Now, federal officials are seeking public comment on the proposal to have the captive killer whale included in the endangered-species listing for Puget Sound orcas.
Activists consider the announcement Friday by the National Marine Fisheries Service another step toward releasing the whale that was captured in 1970 and is now at the Miami Seaquarium.
The federal government notes in the proposed amendment to the Endangered Species Act listing that releasing Lolita to the wild is not a guaranteed result of this change, because in some cases it’s safer to keep the endangered animal in captivity.
Lolita’s fellow orcas spend most of their time in Washington’s Puget Sound and British Columbia waters.

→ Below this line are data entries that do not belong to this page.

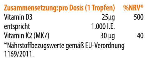 MCT-Mittelkettige Triglyceride aus Kokosöl, Vitamin D3 (Cholecalciferol aus Schafswolle gewonnen), Vitamin K2 (Menachinon MK-7).
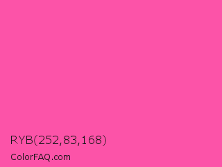 RYB 252,83,168 Color is a light rose color and the nearest color is Brilliant Rose #ff55a3. Hex code #fc53a8 and RGB value is rgb(252,83,168). In RGB color space, this color is composed of 99% red, 33% green, 66% blue, In CMYK color space, this color is composed of 0% cyan, 67% magenta, 33% yellow , 1% black , In HSL color space, this color has a hue angle of 330° , 97% saturation and 66% lightness.
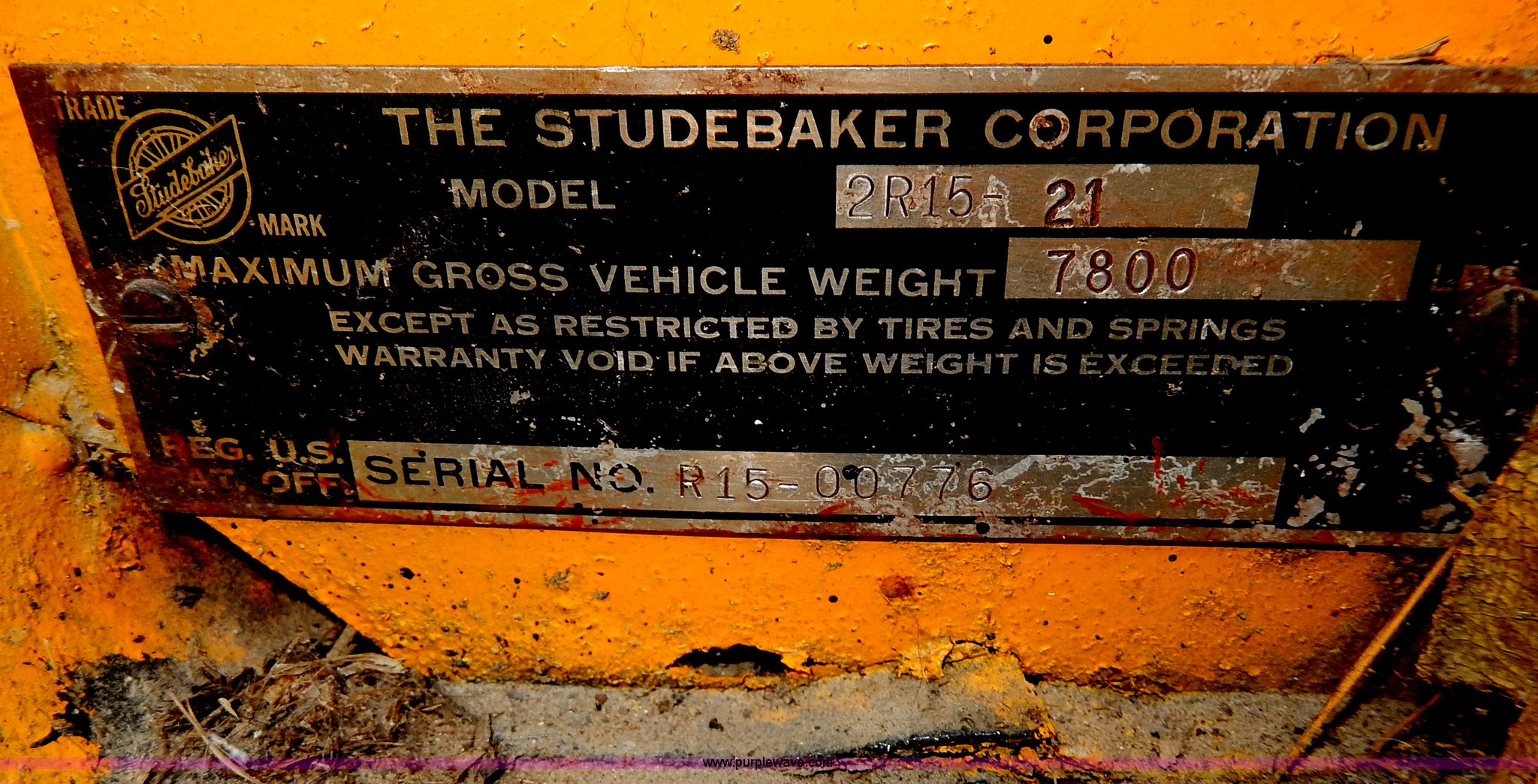 1949 Studebaker 2R15-21 pickup truck. 35,578 miles on odometer Not Actual Mileage, Six cylinder flathead gas engine, Four speed transmission, 8'L bed, 7.00-17 tires, GVWR 7,800 lbs. R1500776. Wamego , KS 66547
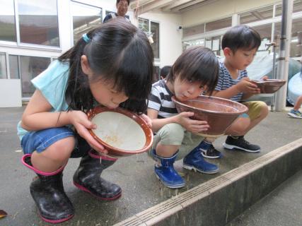 台風の接近により実施があやぶまれた「野外保育」ですが、午前中は台風の影響を受けないと判断し、内容を少し簡略化したものの、予定通り神崎の「まいまいハウス」に野外保育に行くことができました。朝間に少し雨に降られましたが、台風の影響もほとんどなく、楽しい「野外保育」となりました。なによりまいまいハウスへの道中でたくさんの大きな蟹を見つけ、子ども達はペットボトルで作ったかばんに、「お土産にする」のだと捕まえた蟹をいれていました。その他、今回の野外保育ではかぶと虫やバッタ、とんぼ、ちょうちょ、へび、青虫等のたくさんの生き物を見つける事ができ、屋外ならではの体験を行う事ができました。
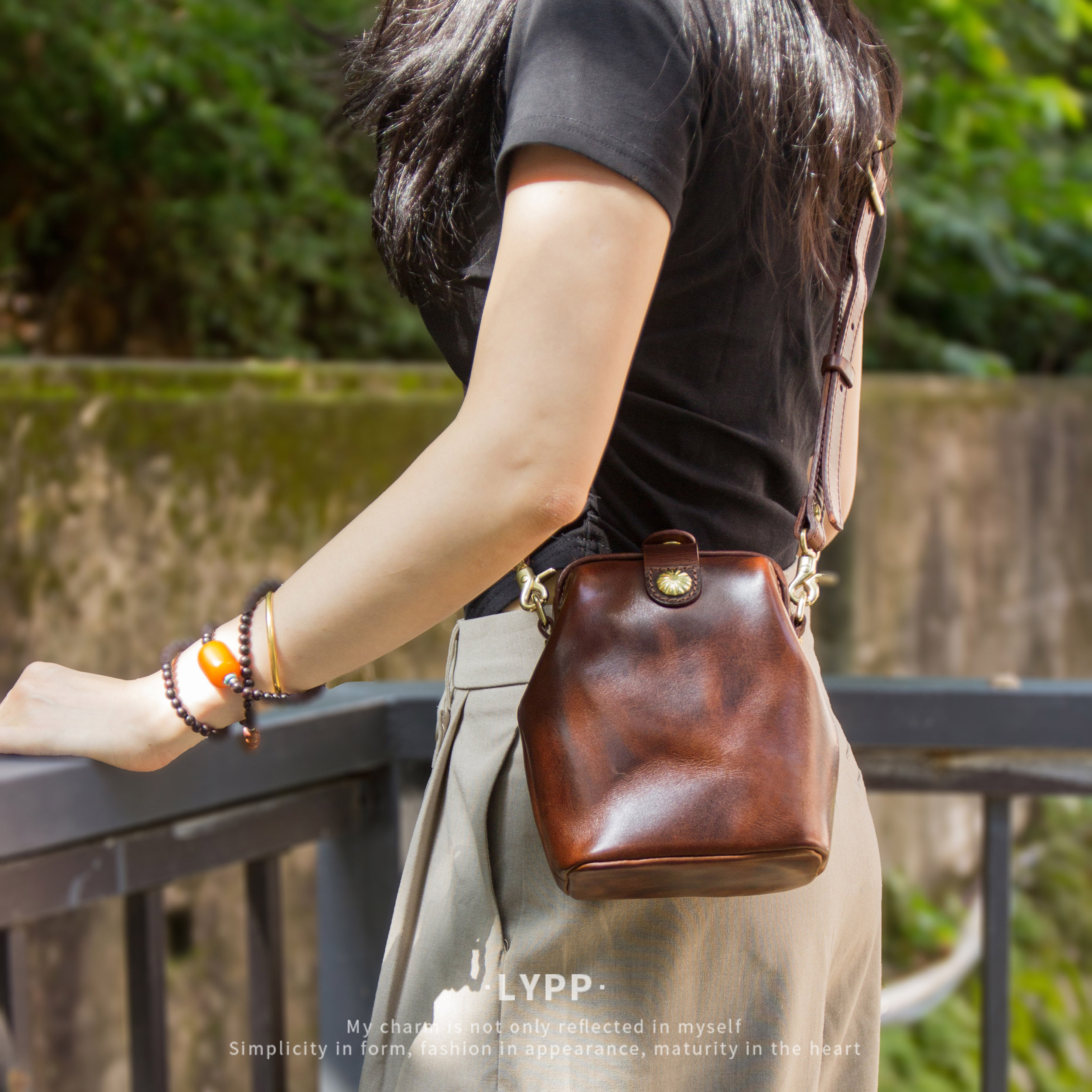 牧石皮艺手工定制牛皮小包新款女士斜跨复古医生包真皮日式口金包
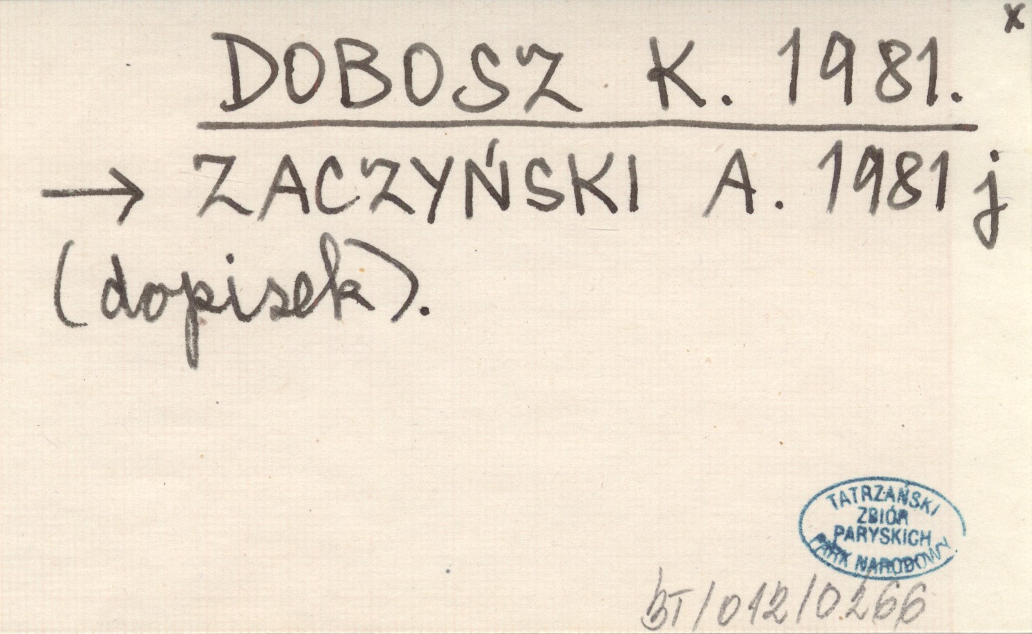 ZACZYŃSKI A. 1981 j (dopisek)
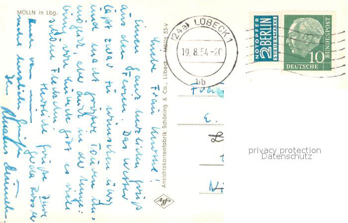 73725793 alte Postkarte Moelln Lauenburg Gesamtansicht postalisch gelaufen Erhaltung siehe scans [LiesaD40] KatCode: 11110001053090
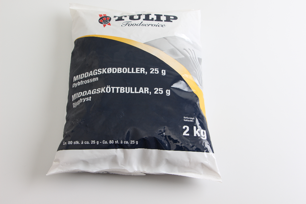 Grisekød (40%), oksekød (20%), vand, ÆGGEHVIDER, løg, HVEDEMEL, kartoffelmel, rasp (HVEDEMEL, salt, gær), salt, oksefedt, hvid peber.

Lolita is a member of the L pod, or family of killer whales.
The federal government has listed these Southern Resident orcas as endangered species since 2005. The wild population numbers about 85.
People for the Ethical Treatment of Animals, Orca Network and other animal-rights groups filed a petition to encourage a rule change.
“Lolita should never have been excluded from the Endangered Species Act in the first place, and now the government has righted that wrong,” said Jeffrey Kerr, general counsel to PETA in a statement.
Steven Wells, executive director of the Animal Legal Defense Fund, said his group and others are doing everything they can to get Lolita back to her family and her habitat.